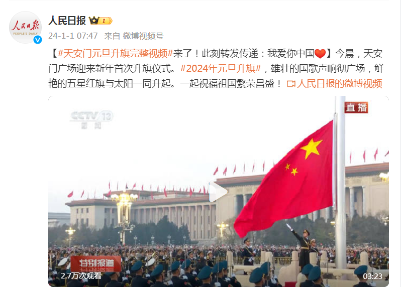 今晨,天安门广场迎来新年首次升旗仪式。2024年元旦升旗,雄壮的国歌声响彻广场,鲜艳的五星红旗与太阳一同升起。一起祝福祖国繁荣昌盛!
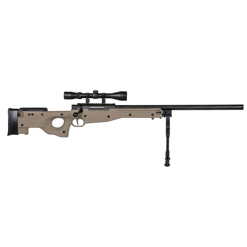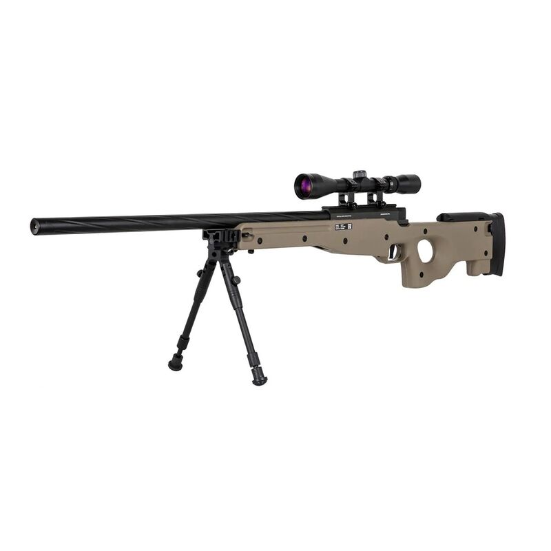 La potencia de disparo ronda los +/- 560 FPS, ofreciendo una excelente base para partidas de larga distancia. Además, el conjunto incluye un visor óptico de aumento y un bípode metálico plegable para mejorar la estabilidad en disparos de precisión.
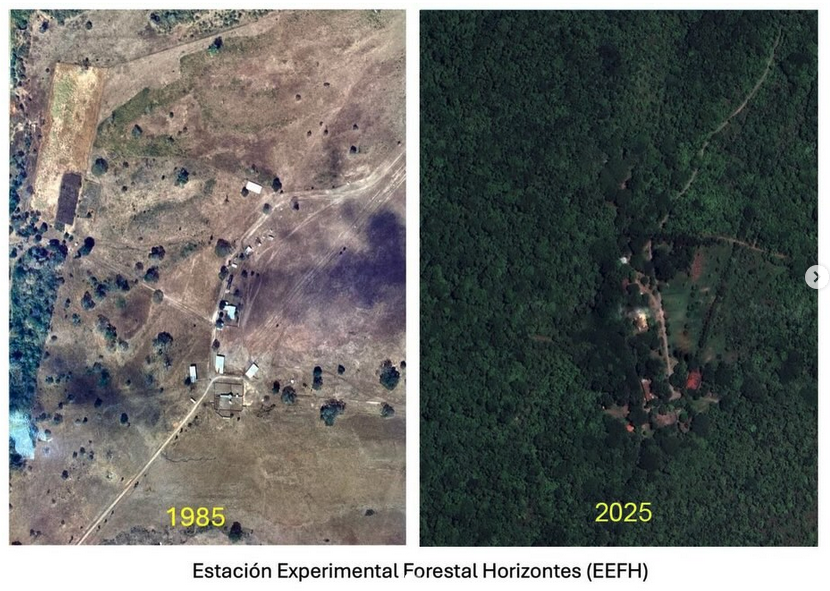 Ein anschauliches Beispiel für den Erfolg unserer Schutzbemühungen sieht man beim Vergleich zweier Satellitenbilder von 1985 und 2025. Die ehemals stark gerodete Fläche ist inzwischen von dichtem Sekundärwald bewachsen:
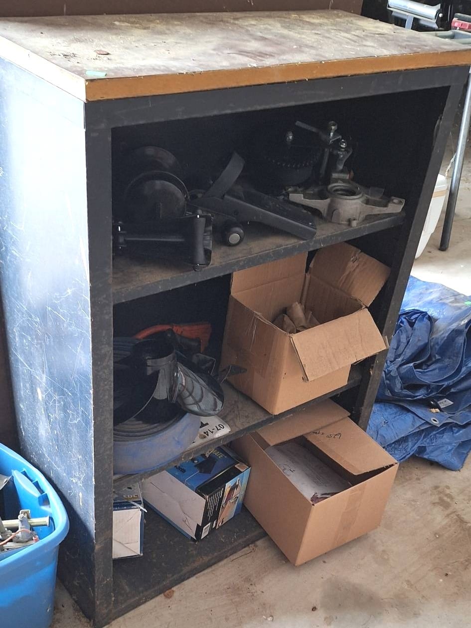 1074 Metal Storage Shelf with Tools and Components inc. Rotors, Belts and Hardware 30x35x12?
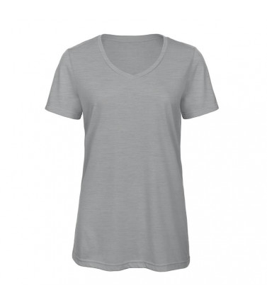 t-shirt a v in tessuto triblend 50% poliestere, 25% cotone, 25% viscosa con una vestibilità perfetta e un effetto al tatto morbidissimo. traspirante e molto resistente. le cuciture sui fianchi garantiscono la migliore vestibilità e una sagoma femminile, i
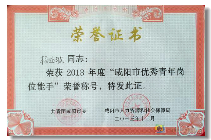 近日,共青团咸阳市委、咸阳市人力资源和社会保障局联合发文(团咸联发[2013]50号),对“2013年度咸阳市杰出青年岗位能手和优秀青年岗位能手”进行表彰。

+++

=== Work item ===
The preceding entries should be duplicated word for word; no picture belongs in the copy.

=== Solution for this problem ===
 今晨,天安门广场迎来新年首次升旗仪式。2024年元旦升旗,雄壮的国歌声响彻广场,鲜艳的五星红旗与太阳一同升起。一起祝福祖国繁荣昌盛!
 La potencia de disparo ronda los +/- 560 FPS, ofreciendo una excelente base para partidas de larga distancia. Además, el conjunto incluye un visor óptico de aumento y un bípode metálico plegable para mejorar la estabilidad en disparos de precisión.
 Ein anschauliches Beispiel für den Erfolg unserer Schutzbemühungen sieht man beim Vergleich zweier Satellitenbilder von 1985 und 2025. Die ehemals stark gerodete Fläche ist inzwischen von dichtem Sekundärwald bewachsen:
 1074 Metal Storage Shelf with Tools and Components inc. Rotors, Belts and Hardware 30x35x12?
 t-shirt a v in tessuto triblend 50% poliestere, 25% cotone, 25% viscosa con una vestibilità perfetta e un effetto al tatto morbidissimo. traspirante e molto resistente. le cuciture sui fianchi garantiscono la migliore vestibilità e una sagoma femminile, i
 近日,共青团咸阳市委、咸阳市人力资源和社会保障局联合发文(团咸联发[2013]50号),对“2013年度咸阳市杰出青年岗位能手和优秀青年岗位能手”进行表彰。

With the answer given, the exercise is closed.